##### SUPPLIED MATERIAL

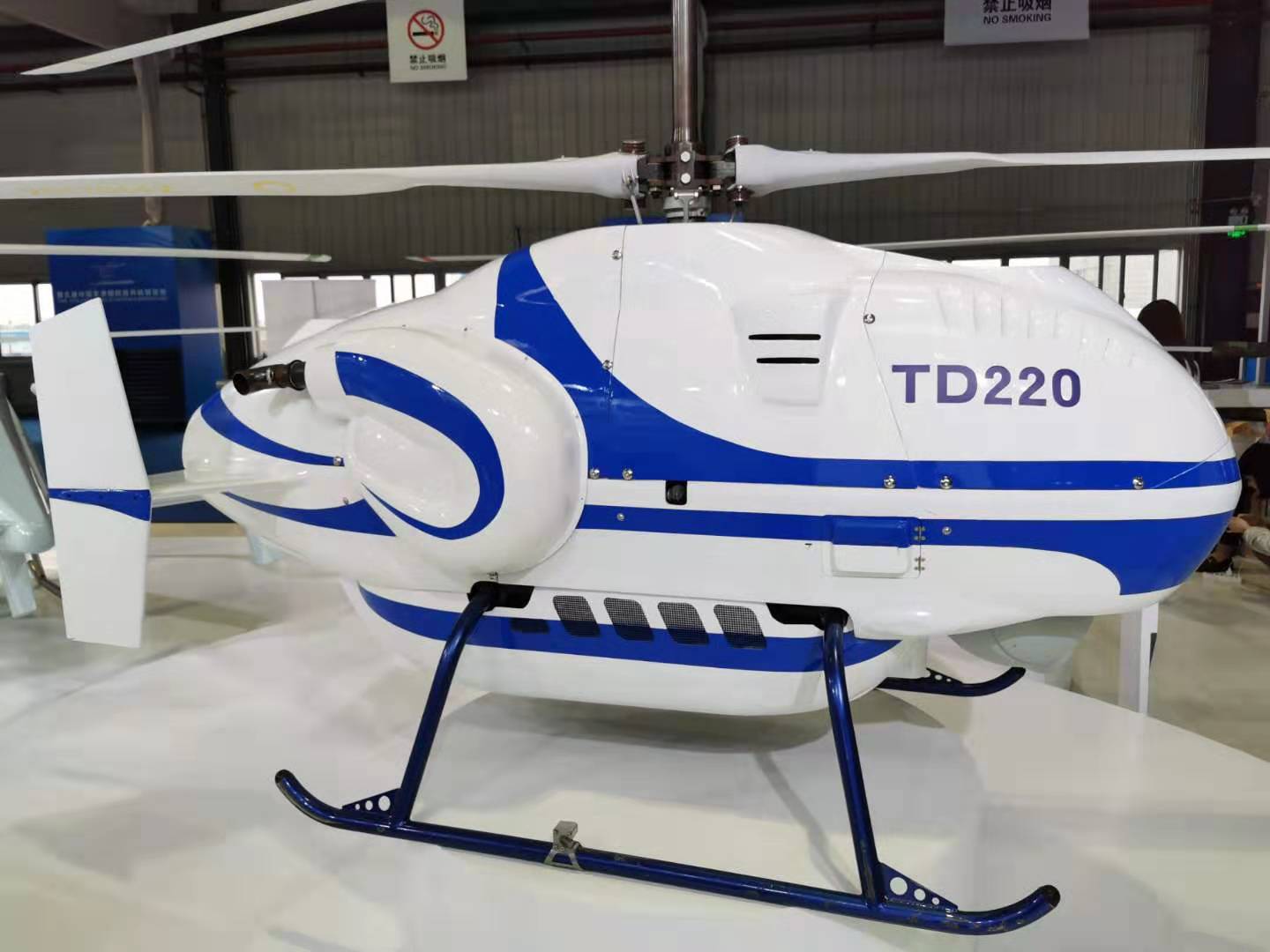 TD220无人直升机采用电控共轴技术,模块化设计,结构紧凑,全自主,高精度控制,搭载自主研发的HeliAP飞行控制系统,实现了飞机从起飞、悬停、航路点飞行到降落等所有飞行状态的全自主化,并具有链路失效保护和自动返航功能。操纵系统采用电控分工共轴操纵系统,传动系统采用共轴反桨传动和同步带减速输入端,在发动机动力输出端配置了橡胶联轴器和惯性离合器,在隔离发动机振动的同时,具有结构紧凑、悬停效率高、无尾桨失效风险等特点。
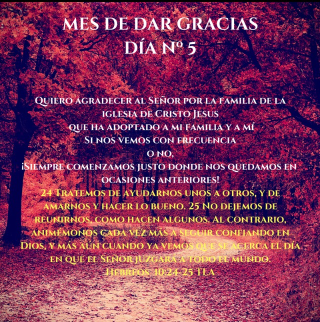 November 8, 2017 by oscar.roca.Author Mes de Dar Gracias Día 5 Share this:Share Click to share on Facebook (Opens in new window) Facebook Click to share on X (Opens in new window) X Like Loading...
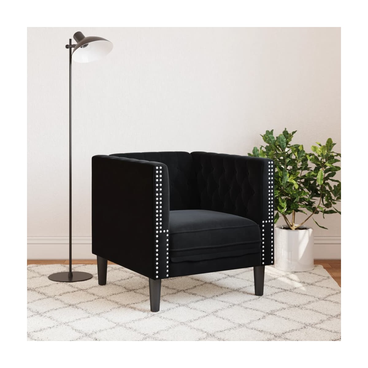 Este sofá chesterfield es un excelente lugar para charlar, leer, ver la televisión o simplemente relajarse. Está pensado para ser el centro de atención de la casa. Material suave y cómodo: La tela de terciopelo ofrece una superficie suave y lisa que proporciona una agradable sensación contra el tacto, aportándole calidez y el máximo confort.Experiencia de asiento cómoda: El sillón es muy cómodo gracias a su asiento, reposabrazos y respaldo acolchados.Estilo Chesterfield: Con el clásico respaldo y reposabrazos acolchados con botones, y una altura uniforme del respaldo y los brazos, el sillón mejorará cualquier habitación, proporcionando estilo y comodidad.Patas de apoyo: El sillón tapizado está soportado por patas resistentes, que garantizan su estabilidad, seguridad y firmeza.
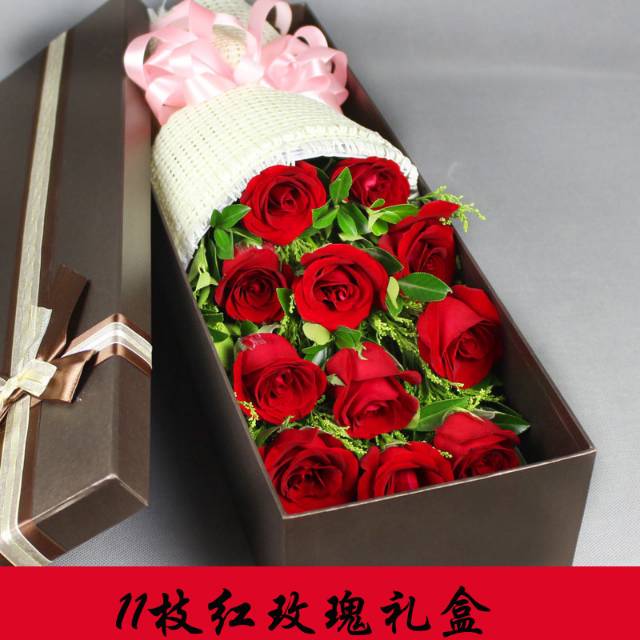 11朵红玫瑰2小熊礼盒装如图包装 |
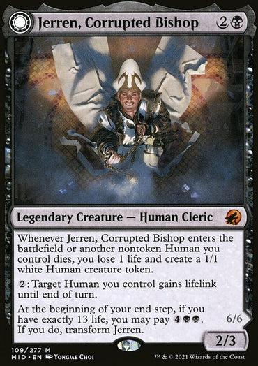 Jerren, Corrupted Bishop // Ormendahl, the Corrupted [Innistrad: Midnight Hunt]Set: Innistrad: Midnight Hunt Type: Legendary Creature — Human Cleric Rarity: Mythic ...
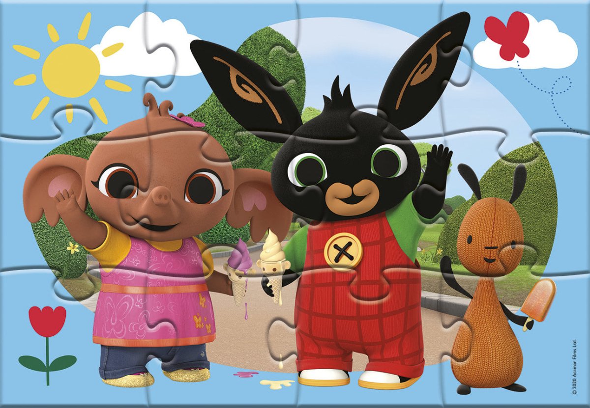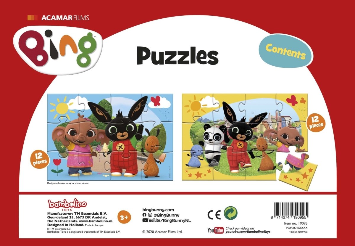 Zestaw składa się z 2 układanek po 12 elementów każda z kolorowym obrazkiem Binga i jego wesołych przyjaciół Suli, Pandy i przytulanki Flor. Układanie puzzli jest jedną z pierwszych czynności, które dziecko wykorzystuje do trenowania umiejętności motorycznych i odkrywania nowych.

##########

# PROBLEM DETAILS:
Only exact repeats of the lines from the one containing "Jerren, Corrupted Bishop" through the end of the listing above are wanted here; pictures are not.

# ANSWER:
 Jerren, Corrupted Bishop // Ormendahl, the Corrupted [Innistrad: Midnight Hunt]Set: Innistrad: Midnight Hunt Type: Legendary Creature — Human Cleric Rarity: Mythic ...
 Zestaw składa się z 2 układanek po 12 elementów każda z kolorowym obrazkiem Binga i jego wesołych przyjaciół Suli, Pandy i przytulanki Flor. Układanie puzzli jest jedną z pierwszych czynności, które dziecko wykorzystuje do trenowania umiejętności motorycznych i odkrywania nowych.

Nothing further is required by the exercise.